You may also use the web UI to check logs, you need to check the storj
container, but it’s not convenient to search for failed audit in web UI. You may also download logs and search locally in the log file.
Alexey:
Thank you.
I did have my node configured with a working email. I’ve not received any emails for being offline in the last month; and I’ve never received any suspension warnings. LKastly, I checked in on my node daily; it was always Status: Online QUIC OK (though yesterday, it did say it was only Online for 8 hours, which makes no sense, since I received no emails).
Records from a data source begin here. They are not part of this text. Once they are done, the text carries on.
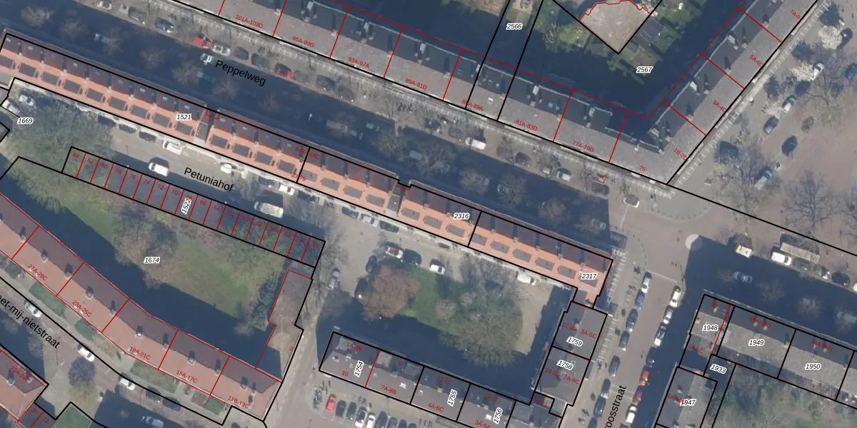Peppelweg 110-A is gelegen op kadastraal perceel SBK01C2316. Deze kadastrale aanduiding is uniek en wordt gebruikt door het Kadaster om eigendomsrechten en andere zakelijke rechten vast te leggen. Het perceel maakt onderdeel uit van de kadastrale gemeente Schiebroek.
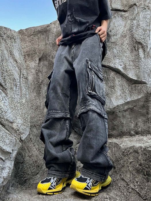 - Washed vintage baggy cargo jeans clearance
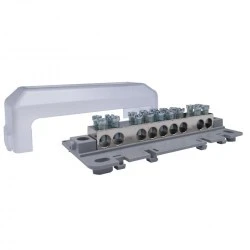 Listwa ekwipotencjalna EPS 4 C - szara z osłoną. Przewody uziemiające FeZn przed połączeniem należy wyrównać i ukształtować w zależności od warunków umieszczenia listwy zaciskowej EPS 4. Przewody nie mogą być „napięte” tak aby mogło dojść do wyrwania listwy zaciskowej z szyny TH lub podkładki (np. z szyny TH35 w KT250 położonej w ścianie obiektu). W miejscach gdzie nie można uniknąć „napięcia” przewodów wskazane jest żeby listwę zaciskową EPS 4 na szynie TH 35 pomocniczo zamocować za pomocą pasków ściągających (pasek ściągający przewleka się przez rogi listwy EPS 4, które pierwotnie są przeznaczone na śruby do mocowaniu na podkładce). Ponadto konieczne jest oczyszczenie przewodów od korozji powierzchniowej i zanieczyszczeń, które mogły się na nich osadzić w czasie montażu (farba po malowaniu, itp.). Listwa zaciskowa jest złożona z podkładki nośnej, mostka i osłony. Standard EN 60974-7-1, EN 62561-1. Osłona jest wyprodukowana z poliwęglanu (PC-EMERGE PC 8430-15), jest przeźroczysta, a tym samym umożliwia kontrolę wzrokową listwy zaciskowej (połączeń, opisów itp.).. Połączenie osłony z podkładką może być zabezpieczone plombą. Mostek jest wyprodukowany z przewodzącego mosiądzu Ms58 (CuZn39Pb3) z wykończeniem powierzchni zgodnie z normą ČSN EN ISO 4042-E2 (Ni-5m). Wykończenie powierzchni mostka – niklowe, umożliwia podłączenie przewodów miedzianych jak i aluminiowych (w starszych instalacjach). Miedziane i aluminiowe przewody nie mogą być łączone w jednym zacisku. Mostki mają otwory do podłączenia przewodów o przekroju znamionowym od 6 do 16mm2 . Podłączenie taśmy uziemiającej 30x4, 20x3, ew. okrągłego drutu uziemiającego Ø = 10mm wykonuje się za pomocą dwu śrub i podkładki. (jedynie w wariantach A, B). Nośna podkładka (podstawa) jest wyprodukowana z PA-Frianyl B63 VO w kolorze UN 7008 (szary). Podkłada nośna jest tak skonstruowana, aby było można listwę EPS 4 zamontować na szynie TH 35 poziomo i pionowo. Listwę EPS 4 można montować również na podkładce (bezpośrednio na ścianie) lub w puszkach elektroinstalacyjnych KO 125 E, KT 250 L itp. Śruba i podkładka są wyprodukowane ze stali. Podkładka ma powierzchnię wykończoną zgodnie z normą ČSN EN ISO 2081 - Fe/Zn8/A/T2. Śruby mają wykończenie powierzchni zgodnie z normą ČSN EN ISO 4042: A2K + pasywacja.
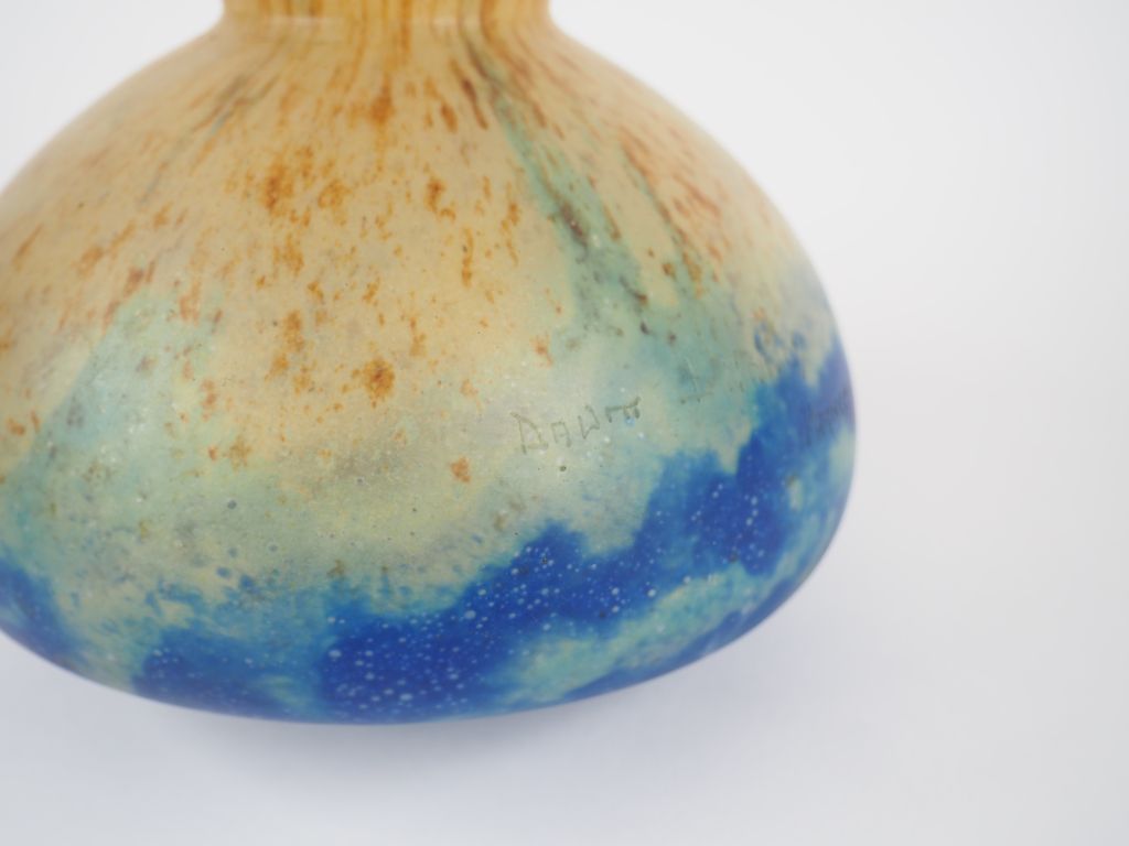 Lot de DAUM Nancy. Vase de forme berluze en verre jaune nuancé brun et bleu. au prix de 150 à 200 € en vente aux enchères par l'hôtel des ventes Primardeco
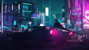 A Neon-lit Cyberpunk Aesthetic Scene Wallpaper -
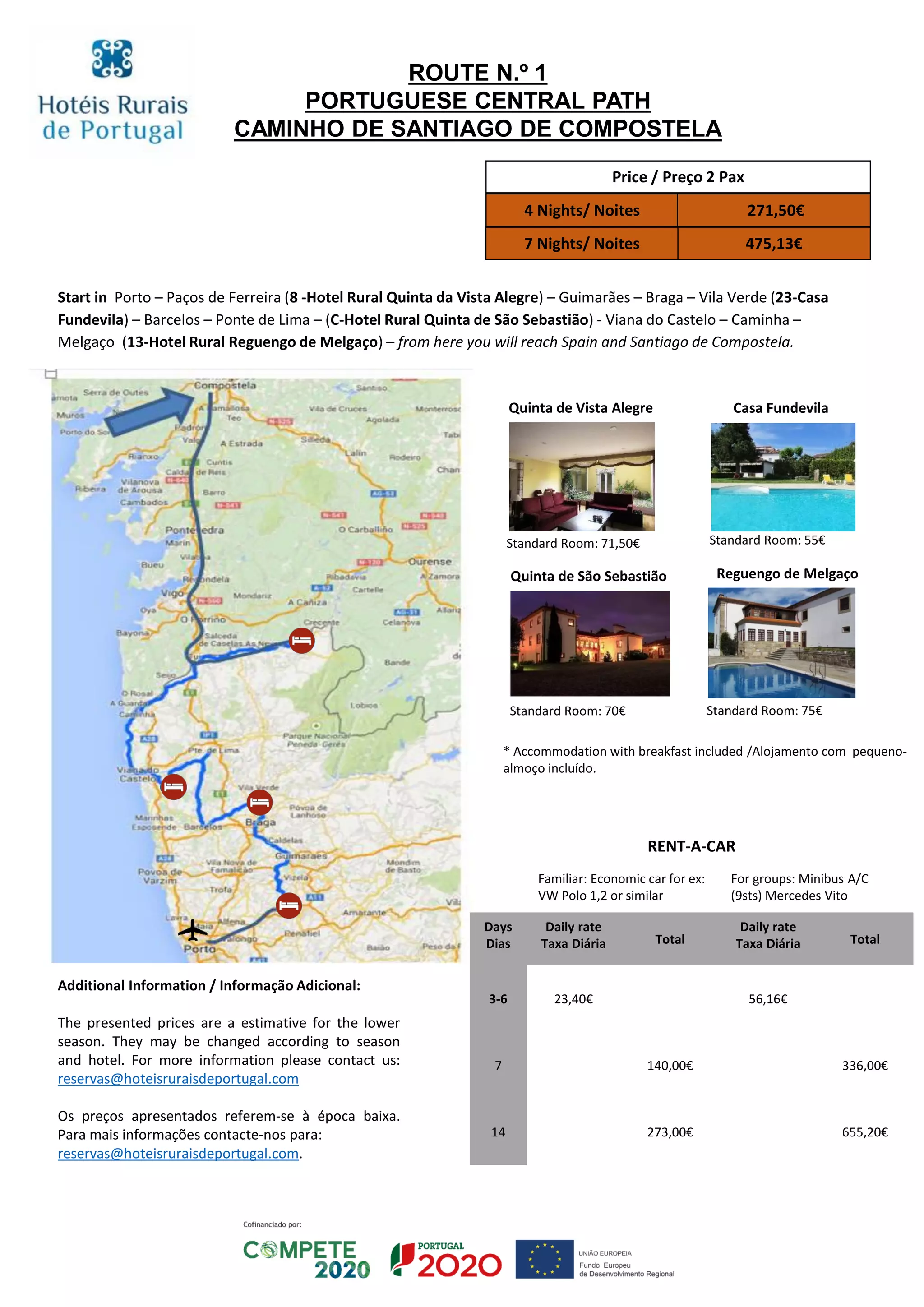 Este documento apresenta nove rotas para caminhadas e estadias rurais em Portugal, incluindo preços de alojamento e aluguel de carros. Fornece detalhes sobre distâncias, locais de parada e preços para cada rota, começando em cidades como Porto, Lisboa e outras.

The log output from your commands is as follows:
2023-09-30T11:23:33Z ERROR piecestore download failed {“process”: “storagenode”, “Piece ID”: “IMTCD6B4FKWQIIIUST3NNKSZYHOEDKD7I6T7LYRBADANHOTUQT4A”, “Satellite ID”: “121RTSDpyNZVcEU84Ticf2L1ntiuUimbWgfATz21tuvgk3vzoA6”, “Action”: “GET_AUDIT”, “Offset”: 8448, “Size”: 0, “Remote Address”: “34.146.139.227:58876”, “error”: “file does not exist”, “errorVerbose”: “file does not exist\n\tstorj.io/common/rpc/rpcstatus.Wrap:75\n\tstorj.io/storj/storagenode/piecestore.(*Endpoint).Download:671\n\tstorj.io/common/pb.DRPCPiecestoreDescription.Method.func2:251\n\tstorj.io/drpc/drpcmux.(*Mux).HandleRPC:33\n\tstorj.io/common/rpc/rpctracing.(*Handler).HandleRPC:61\n\tstorj.io/common/experiment.(*Handler).HandleRPC:42\n\tstorj.io/drpc/drpcserver.(*Server).handleRPC:124\n\tstorj.io/drpc/drpcserver.(*Server).ServeOne:66\n\tstorj.io/drpc/drpcserver.(*Server).Serve.func2:114\n\tstorj.io/drpc/drpcctx.(*Tracker).track:35”}
2023-09-30T13:09:17Z ERROR piecestore download failed {“process”: “storagenode”, “Piece ID”: “Y6CK5XLVCEAOUFXIYQFJBXYC7ZM5HF3HCLAB4LF64Q6MKWQTGORQ”, “Satellite ID”: “12EayRS2V1kEsWESU9QMRseFhdxYxKicsiFmxrsLZHeLUtdps3S”, “Action”: “GET_AUDIT”, “Offset”: 1354496, “Size”: 0, “Remote Address”: “34.148.62.121:55084”, “error”: “file does not exist”, “errorVerbose”: “file does not exist\n\tstorj.io/common/rpc/rpcstatus.Wrap:75\n\tstorj.io/storj/storagenode/piecestore.(*Endpoint).Download:671\n\tstorj.io/common/pb.DRPCPiecestoreDescription.Method.func2:251\n\tstorj.io/drpc/drpcmux.(*Mux).HandleRPC:33\n\tstorj.io/common/rpc/rpctracing.(*Handler).HandleRPC:61\n\tstorj.io/common/experiment.(*Handler).HandleRPC:42\n\tstorj.io/drpc/drpcserver.(*Server).handleRPC:124\n\tstorj.io/drpc/drpcserver.(*Server).ServeOne:66\n\tstorj.io/drpc/drpcserver.(*Server).Serve.func2:114\n\tstorj.io/drpc/drpcctx.(*Tracker).track:35”}
2023-09-30T16:46:03Z ERROR piecestore download failed {“process”: “storagenode”, “Piece ID”: “6QTWSBJFU42FKD4S52KXI5JG4P2M5SOD5YWXH7VBJXH7ICS6GCLA”, “Satellite ID”: “121RTSDpyNZVcEU84Ticf2L1ntiuUimbWgfATz21tuvgk3vzoA6”, “Action”: “GET_AUDIT”, “Offset”: 884224, “Size”: 0, “Remote Address”: “34.146.139.227:36776”, “error”: “file does not exist”, “errorVerbose”: “file does not exist\n\tstorj.io/common/rpc/rpcstatus.Wrap:75\n\tstorj.io/storj/storagenode/piecestore.(*Endpoint).Download:671\n\tstorj.io/common/pb.DRPCPiecestoreDescription.Method.func2:251\n\tstorj.io/drpc/drpcmux.(*Mux).HandleRPC:33\n\tstorj.io/common/rpc/rpctracing.(*Handler).HandleRPC:61\n\tstorj.io/common/experiment.(*Handler).HandleRPC:42\n\tstorj.io/drpc/drpcserver.(*Server).handleRPC:124\n\tstorj.io/drpc/drpcserver.(*Server).ServeOne:66\n\tstorj.io/drpc/drpcserver.(*Server).Serve.func2:114\n\tstorj.io/drpc/drpcctx.(*Tracker).track:35”}
The bold parts are the bad parts.
It means that the satellite has sent audit requests to your node to verify that your node has the data pieces that the satellite expects it to hold.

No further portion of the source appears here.